Send back the data below exactly. Drop every picture.
--- Data shown ---
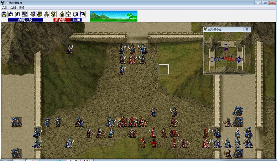 把马岱队和南蛮队消灭之后(或者是我军到达东/西关门口,我没仔细看触发条件),关内山地上的第二波伏兵由会出现,而且关卡里面的敌人也会全军出击了。要赶在敌军出击之前,让许褚和曹洪堵住关口(当然要先加防),这样许褚在山地有110%的加成,曹洪是S的防御,可以把东关的敌军全压制在关口,防止敌人全冲出来,攻击力过强。另一边张辽夏侯惇占住关隘内的兵营和鹿砦,缓慢的消耗从西关杀出的敌军。而山地上的伏兵,由于只能攻击到乐进,全部围在这个A攻S防的人周围,让乐进好好升了一把级。因为骑兵们在兵营鹿砦内有能力加成,否则这些贼兵很可能会放弃乐进而去打骑兵的。如下图,曹洪许褚堵东关,乐进堵北关,张辽夏侯惇杀西关的人,其他人慢慢往东关杀即可。许褚基本不用攻击,整天在那里咒骂诸葛亮和赵云,等级也升得飞快。
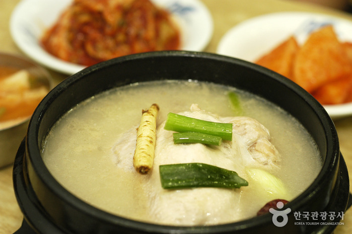 허름한 외관에 건물 전면으로 문도 없이 바로 테이블이 셋팅되어 있다. 한쪽의 테이블을 두고 복도처럼 생긴 입구를 지나면 문과 내부의 모습을 볼 수 있다. 내부는 보통 한식집처럼 낮은 테이블을 놓고 앉는 온돌방으로 깔끔한 느낌이다. 이 집의 메뉴는 삼계탕. 뽀얀 국물과 인삼 한 개 대추 하나를 띄운 삼계탕과 깍두기, 나박김치 등의 반찬이 나온다. 다 먹을 때까지 기름이 엉기지 않도록 뚝배기에 담겨져 나온 삼계탕은 진한 국물과 부드러운 닭의 육질이 일품이다. 보통 삼계탕의 닭은 조금 덜 자란 영계를 쓰는 편으로 크기가 조금 작은 대신 육질이 부드럽다. 안에는 찰밥이 들어 있어 양이 많지는 않지만 속이 든든하다.
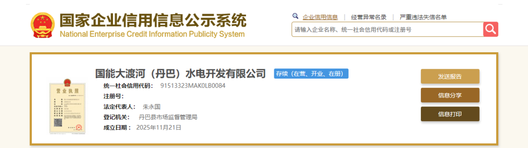 股東及出資信息顯示,該公司由國電電力旗下國能大渡河流域水電開發(fā)有限公司、四川鐵能電力開發(fā)有限公司、寧德時(shí)代新能源科技股份有限公司共同持股。
---
• [Expected answer]:
 把马岱队和南蛮队消灭之后(或者是我军到达东/西关门口,我没仔细看触发条件),关内山地上的第二波伏兵由会出现,而且关卡里面的敌人也会全军出击了。要赶在敌军出击之前,让许褚和曹洪堵住关口(当然要先加防),这样许褚在山地有110%的加成,曹洪是S的防御,可以把东关的敌军全压制在关口,防止敌人全冲出来,攻击力过强。另一边张辽夏侯惇占住关隘内的兵营和鹿砦,缓慢的消耗从西关杀出的敌军。而山地上的伏兵,由于只能攻击到乐进,全部围在这个A攻S防的人周围,让乐进好好升了一把级。因为骑兵们在兵营鹿砦内有能力加成,否则这些贼兵很可能会放弃乐进而去打骑兵的。如下图,曹洪许褚堵东关,乐进堵北关,张辽夏侯惇杀西关的人,其他人慢慢往东关杀即可。许褚基本不用攻击,整天在那里咒骂诸葛亮和赵云,等级也升得飞快。
 허름한 외관에 건물 전면으로 문도 없이 바로 테이블이 셋팅되어 있다. 한쪽의 테이블을 두고 복도처럼 생긴 입구를 지나면 문과 내부의 모습을 볼 수 있다. 내부는 보통 한식집처럼 낮은 테이블을 놓고 앉는 온돌방으로 깔끔한 느낌이다. 이 집의 메뉴는 삼계탕. 뽀얀 국물과 인삼 한 개 대추 하나를 띄운 삼계탕과 깍두기, 나박김치 등의 반찬이 나온다. 다 먹을 때까지 기름이 엉기지 않도록 뚝배기에 담겨져 나온 삼계탕은 진한 국물과 부드러운 닭의 육질이 일품이다. 보통 삼계탕의 닭은 조금 덜 자란 영계를 쓰는 편으로 크기가 조금 작은 대신 육질이 부드럽다. 안에는 찰밥이 들어 있어 양이 많지는 않지만 속이 든든하다.
 股東及出資信息顯示,該公司由國電電力旗下國能大渡河流域水電開發(fā)有限公司、四川鐵能電力開發(fā)有限公司、寧德時(shí)代新能源科技股份有限公司共同持股。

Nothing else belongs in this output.